= Hugh Maurice =

Welsh manuscript transcriber

Hugh Maurice (1775 – 18 March 1825) was a transcriber of Welsh manuscripts.

== Personal life ==
Hugh Maurice was born in Llanfihangel Glyn Myfyr to Peter Maurice and Jane Maurice, sister of Owen Jones, and was christened on 5 June.

Maurice married Elizabeth Mary Louisa in 1800 at St Olave's Church, Southwark, London. The wedding took place on the day of the Gwyneddigion Society's annual dinner; Maurice was the vice-president of the society at the time and the president and recorder (Thomas Roberts and John Jones) attended the wedding. The marriage took place unbeknownst to Elizabeth's father, Rowland Jones, a former president of the Gwyneddigion Society.

Hugh and Elizabeth Maurice had two sons and a daughter. His first-born son, Rowland, was also a translator and translated Nennius on 4 July 1817. Peter Maurice, born 29 June 1803, attended Jesus College, Oxford and became a priest on 13 Oct 1827. He worked as chaplain for New College (1828–58), All Souls (1837–58) and was vicar of Yarnton (1858–78).
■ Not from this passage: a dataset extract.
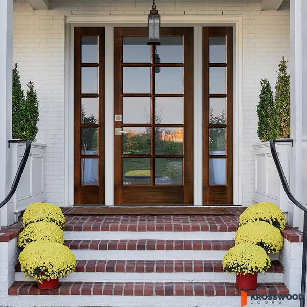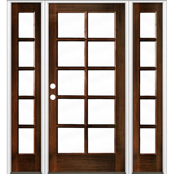 64 in. x 80 in. French RH Full Lite Clear Glass Red Mahogany Stain Hemlock Prehung Front Door with DSL
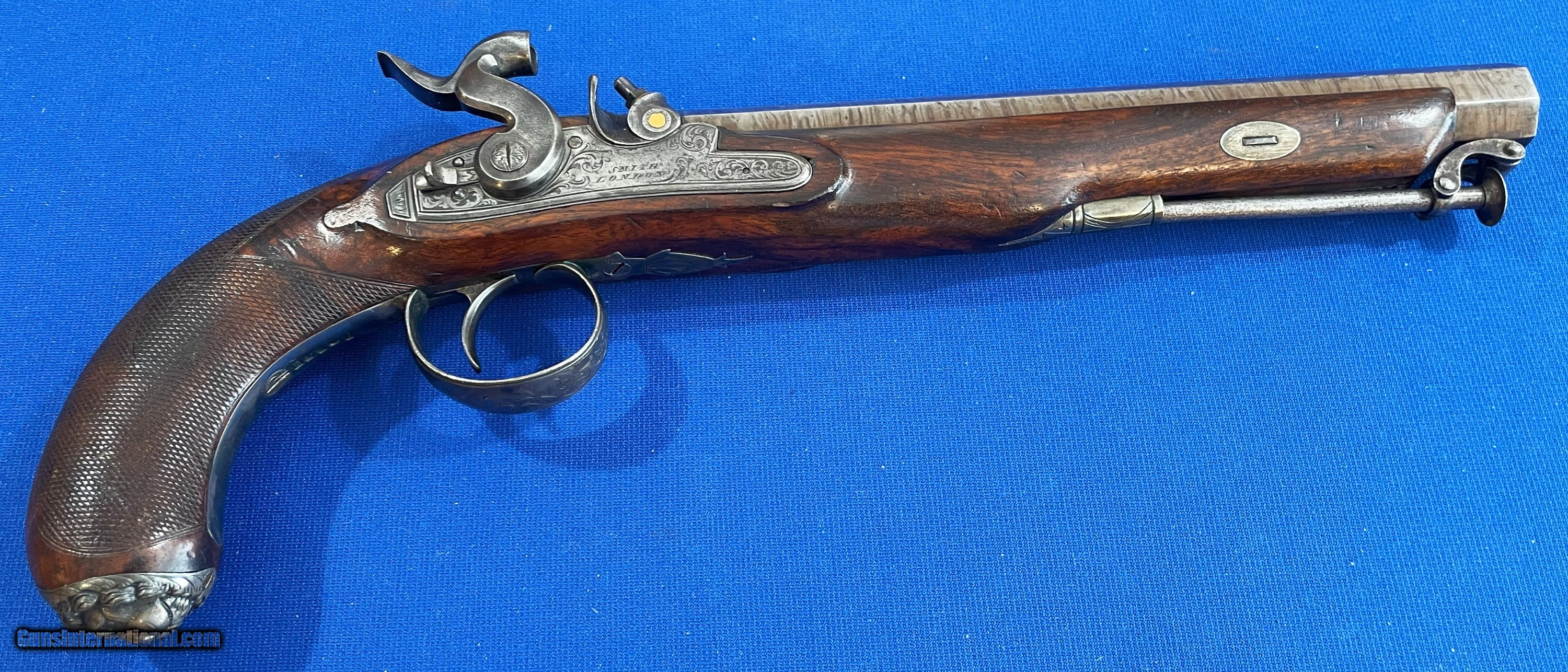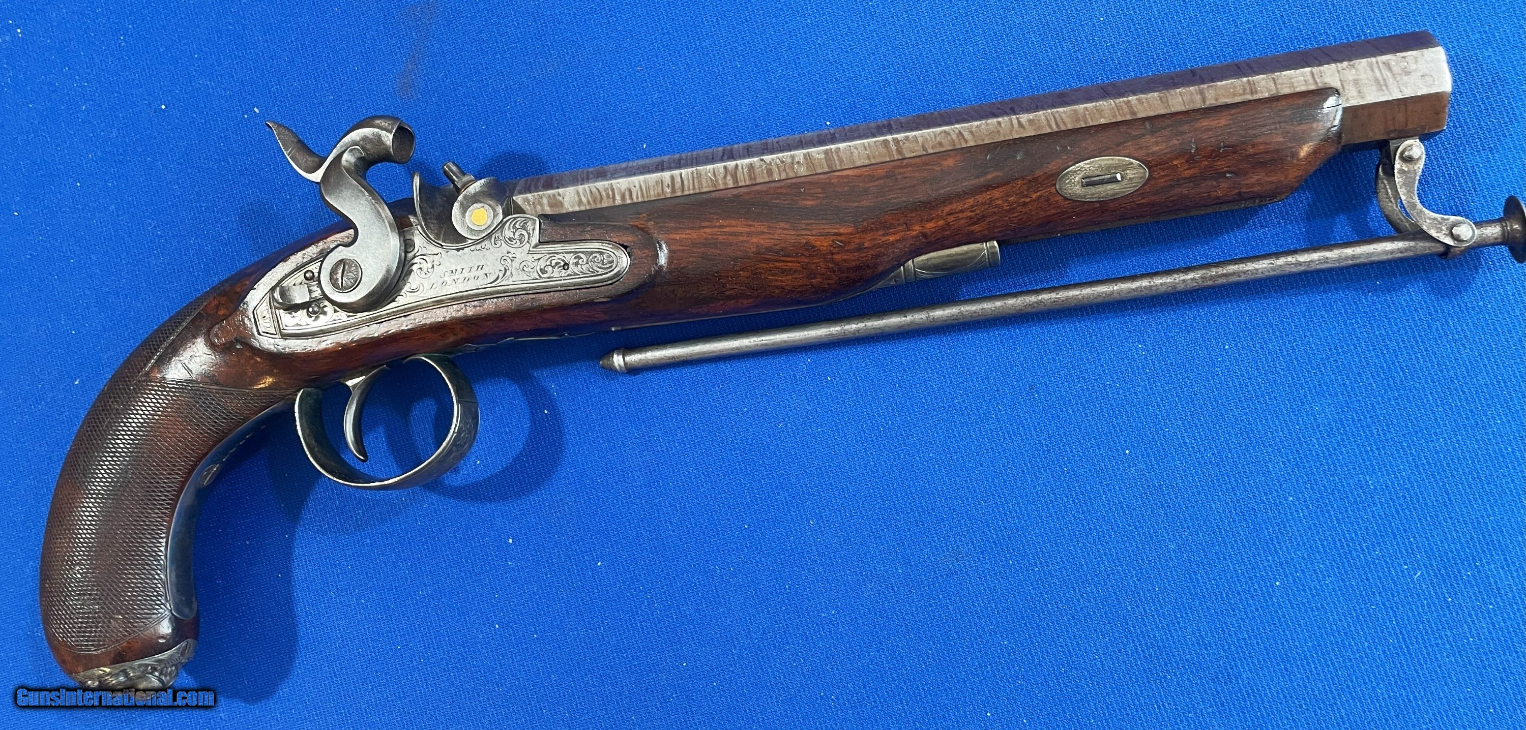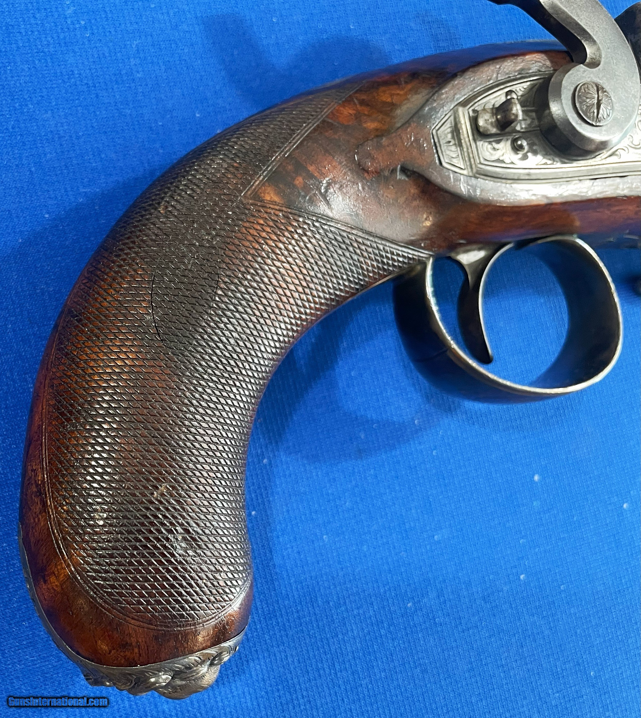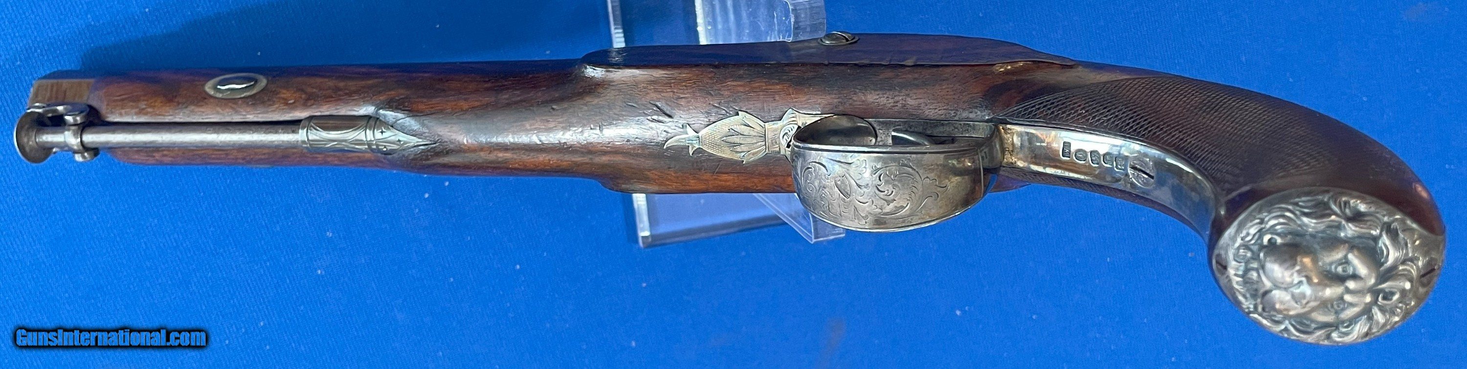 Antique 1860s SMITH LONDON SILVER MOUNTED PERCUSSION BELT PISTOL

He also wrote hymns and church music, and pamphlets condemning Popery. Maurice's daughter, Jane Maurice, (born 19 October 1812) wrote twenty hymns that can be found in the 1861 Choral Hymn Book.
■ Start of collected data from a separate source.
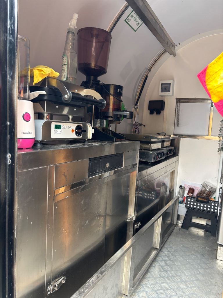 Comes with a fracino 1 group coffee machine, it has 2 sinks, it’s fully stainless steel inside.
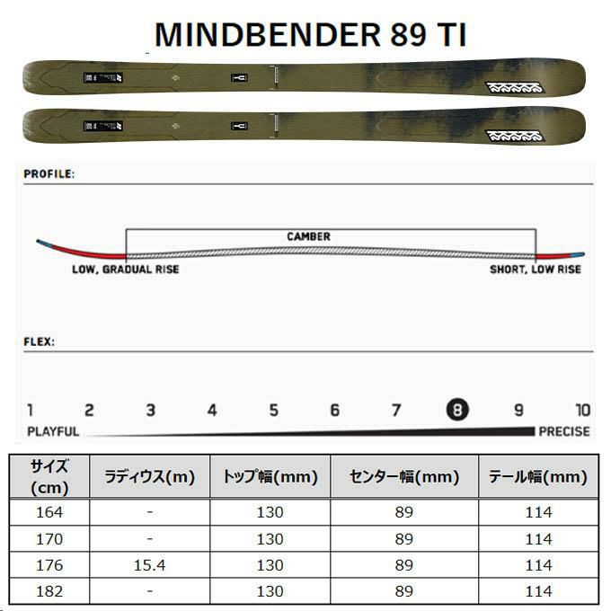 K2 ケーツー スキー 板 金具付 【2024-2025】 MINDBENDER 89 TI マインドベンダー 89Ti + GRIFFON 13 D 90MM スライドサイズ調整式 【金具付き スキーセット】
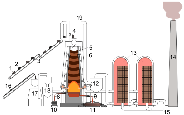 Внутри доменной печи кокс сгорает в струе горячего воздуха, образуя оксид углерода; Этот газ восстанавливает железо из руды, постепенно опускаясь вниз по печи. Температура в нижней части печи достигает 2000°C.
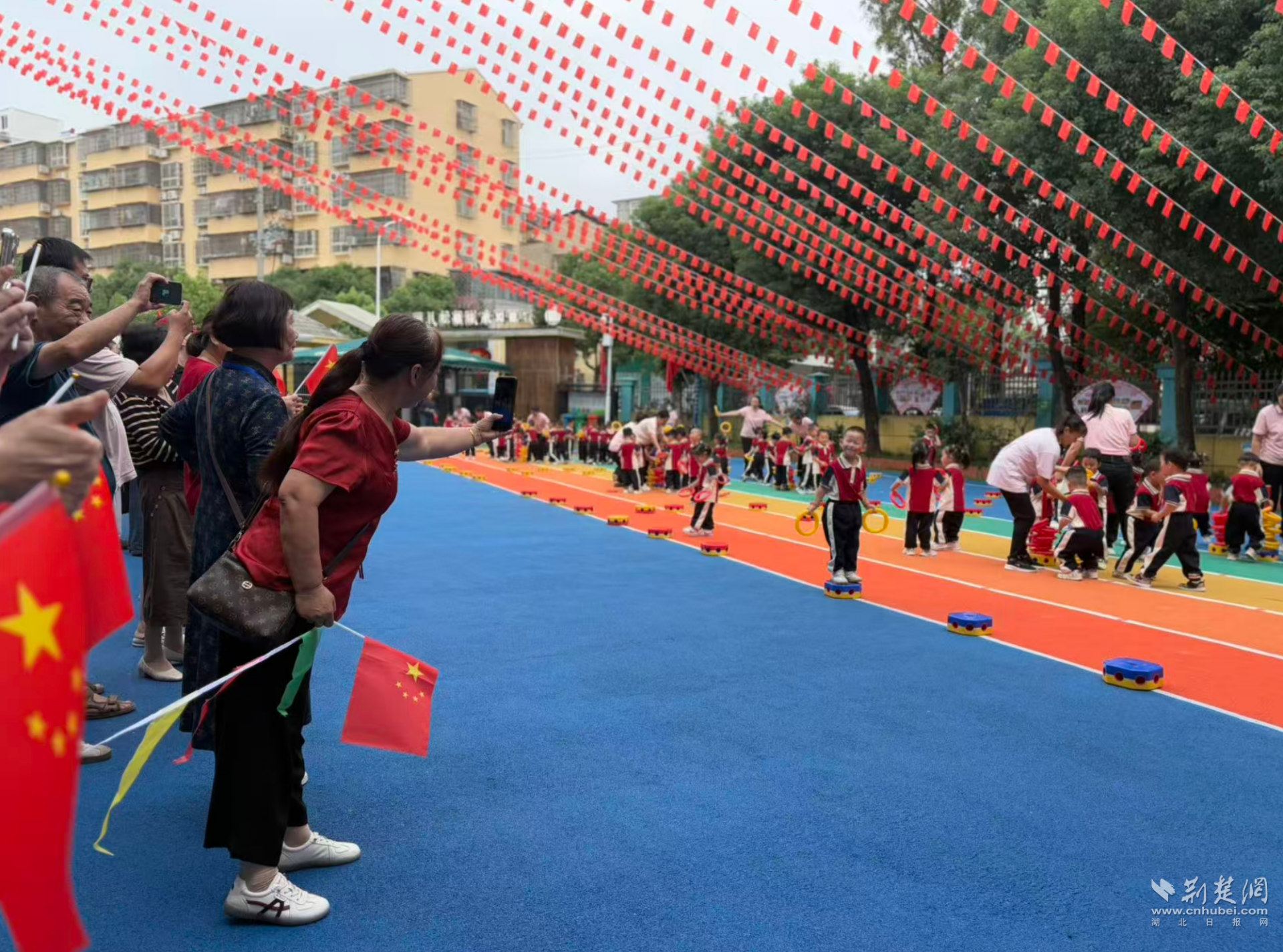 荆楚网(湖北日报网)讯(记者林杉 通信员周婕)9月28日,在国庆节驾临之际,江夏区东湖路幼儿园的操场上化作一派欢笑的海洋,一场“萌娃迎国庆 体操来献礼”方舟器械操比赛吵杂开展。行动滥觞,大班刘老诚一番形貌飘溢的动员,点火了全场小一又友的良善,“咱们也要争第一!”的稚嫩大喊声响彻校园,也拉开了这场童心献礼的序幕。

Maurice lived in many places over the course of his life, starting in Llanfihangel Glyn Myfyr before moving to Upper Thames Street, Tooley Street, Greenwich, Pengwern, Tremadoc and Plâs Gwyn in Llanrug until his death in 1825. He is buried at Llanfihangel Glyn Myfyr.

== Career ==
Maurice worked as a skinner in London with his uncle, and the two shared their literary interests. With Owen Jones as a teacher, Maurice learnt to transcribe Welsh manuscripts in prose and verse, becoming a principal member of the Gwyneddigion Society. He set up his own skinning business in Tooley street, transcribing as a hobby. His early transcripts include illustrations and calligraphy. A number of transcripts attributed to Maurice are in the Cymmrodorion collection and the "Bardoniaeth" Manuscripts in the British Library.

Maurice's contribution to The Myvyrian Archaiology of Wales (1801–1807) is acknowledged in the preface.